For three or more digits in the number, we can ignore the third digit, since this would only influence the third last digit.

So, there are no squares with two odd digits as the last two numbers.... :-)

Following that proof, you can also see that no matter the number of digits you add to the number, when squared it will always result in atleast one of the last 2 digits being even.

Answer 3

There is no such number. Let us say such a number exists. Then the last 2 digits of the square are determined by the last 2 digits of the number. Assume that the last 2 digits are x(10th place) and y(1th place). So the number can be represented as 10x+y. When we take the square of this we get 100x.x + y.y+20x.y

(10*x+y)(10*x+y) = 100*x*x + y*y + 20*x*y. 

Now the last digit is determined by y*y. This is only possible if y is odd. The last but one digit is determined by 20*x*y. Whatever be the value of x and y, this is always even. So all the squares have the 10th place even.

Answer 4

My impression is that that number does not exist.

Effectively, you only need to look up to i=50 because i * i % 100 is cyclical with a period of precisely 50. So, range of numbers is not the problem you are experiencing.

All the perfect squares that have an odd digit in its next to last position end in 6 (16, 36, 196, 256, 576 and so on), which is not odd. The problem has no solution.
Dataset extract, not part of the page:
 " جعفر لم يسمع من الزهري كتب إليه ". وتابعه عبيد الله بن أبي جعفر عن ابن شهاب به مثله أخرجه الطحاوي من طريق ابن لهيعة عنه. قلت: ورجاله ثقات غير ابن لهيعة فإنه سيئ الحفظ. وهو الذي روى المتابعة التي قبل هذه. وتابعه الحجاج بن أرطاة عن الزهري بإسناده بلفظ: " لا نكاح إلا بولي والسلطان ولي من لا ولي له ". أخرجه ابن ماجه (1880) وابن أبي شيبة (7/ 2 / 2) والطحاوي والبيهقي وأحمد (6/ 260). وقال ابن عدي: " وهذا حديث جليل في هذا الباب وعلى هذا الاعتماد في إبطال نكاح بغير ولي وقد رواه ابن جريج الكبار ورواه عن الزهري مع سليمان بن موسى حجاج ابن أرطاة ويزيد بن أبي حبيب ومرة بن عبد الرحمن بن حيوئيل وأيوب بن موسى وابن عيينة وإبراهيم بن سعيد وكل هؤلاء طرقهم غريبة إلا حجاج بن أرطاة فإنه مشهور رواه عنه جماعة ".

There is no perfect square ending in two odd digits.

The reason of this cycle is that any number can be expressed as

    n = a * 50 + b  ,  with 0 <= b < 50.  In fact, by definition b = n % 50

And then,

    n^2 % 100 =
    ( a*50 + b )^2 % 100 =
    ( (a*50)^2 + 2*b*a*50 + b^2 ) % 100 =
    ( a*a*2500 + b*a*100 + b^2 ) % 100 =
    b^2 % 100 =
    ( n % 50 )^2 % 100

In other words, the 2 final digits of n^2 will be the same as of b^2, where 0 <= b < 50, specifically, b = n % 50.

In fact, you don't even need to go as far as 49, but just 25, as:

    ( 50 - i )^2 % 100 =
    ( 50^2 - 2*50*i + i^2 ) % 100 =
    ( 2500 - 100*i + i^2 ) % 100 =
    i^2 % 100

In other words

    50^2 %100 = (50- 0)^2 %100 =  0^2 %100 =  0
    49^2 %100 = (50- 1)^2 %100 =  1^2 %100 =  1
    48^2 %100 = (50- 2)^2 %100 =  2^2 %100 =  4
        ...
    27^2 %100 = (50-23)^2 %100 = 23^2 %100 = 29
    26^2 %100 = (50-24)^2 %100 = 24^2 %100 = 76
    25^2 %100 = (50-25)^2 %100 = 25^2 %100 = 25

Answer 5

First of all, it's sufficient to check numbers from 0 to 99, because (100+N)^2 has the same last 2 digits as N^2.
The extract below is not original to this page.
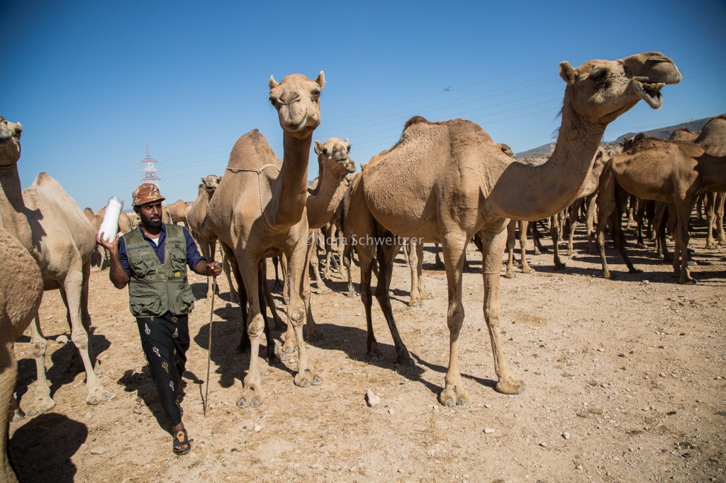 Cette fois, j’ai suivi la transhumance annuelle des tribus de Djebbalis avec leurs troupeaux de dromadaires dans les montagnes du Dhofar. C’est l’un des reportages les plus exigeants réalisés dans ma vie, à la fois physiquement et mentalement. J’ai marché plusieurs jours avec eux sous le soleil brûlant, dormi sous la tente dans des vallées isolées, sans aucun réseau ni électricité.

Second, let your 2-digit number N be written as AB, or, in other words, let N=10*A+B, where A and B are 1-digit numbers. Then N^2=100*A^2+20*A*B+B^2. The 1st two summands are clearly even, so you only have to consider 1-digit numbers.
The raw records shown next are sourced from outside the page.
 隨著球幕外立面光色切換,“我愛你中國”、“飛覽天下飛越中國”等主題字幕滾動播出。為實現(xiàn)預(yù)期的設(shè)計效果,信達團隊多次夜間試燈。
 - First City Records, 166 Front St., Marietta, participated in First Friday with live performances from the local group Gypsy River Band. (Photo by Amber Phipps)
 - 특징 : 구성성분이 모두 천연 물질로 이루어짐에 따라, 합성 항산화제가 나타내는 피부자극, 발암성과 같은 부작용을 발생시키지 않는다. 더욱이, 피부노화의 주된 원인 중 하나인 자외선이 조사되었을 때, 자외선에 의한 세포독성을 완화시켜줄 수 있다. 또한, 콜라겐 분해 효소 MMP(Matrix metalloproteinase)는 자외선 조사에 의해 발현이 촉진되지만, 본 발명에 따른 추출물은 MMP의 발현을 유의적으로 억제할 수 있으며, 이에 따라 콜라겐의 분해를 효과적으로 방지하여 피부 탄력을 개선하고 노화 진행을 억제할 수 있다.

Third, a square of an even number is even, so you only have to check numbers 1, 3, 5, 7, and 9.

Finally, by squaring by hand each of the above five candidates you easily show that the requested number does not exist.

Answer 6

If i ≡ j (mod 100), then i² ≡ j² (mod 100), hence the latter two values have the same bottom two digits. You therefore only need to check integers in the range [0, 99] and, as all their squares will be in the range [0, 9801], everything will fit comfortably into ordinary integers. Now, is there actually a solution? If there isn't, your loop will keep running either forever or until i * i overflows, triggering undefined behavior.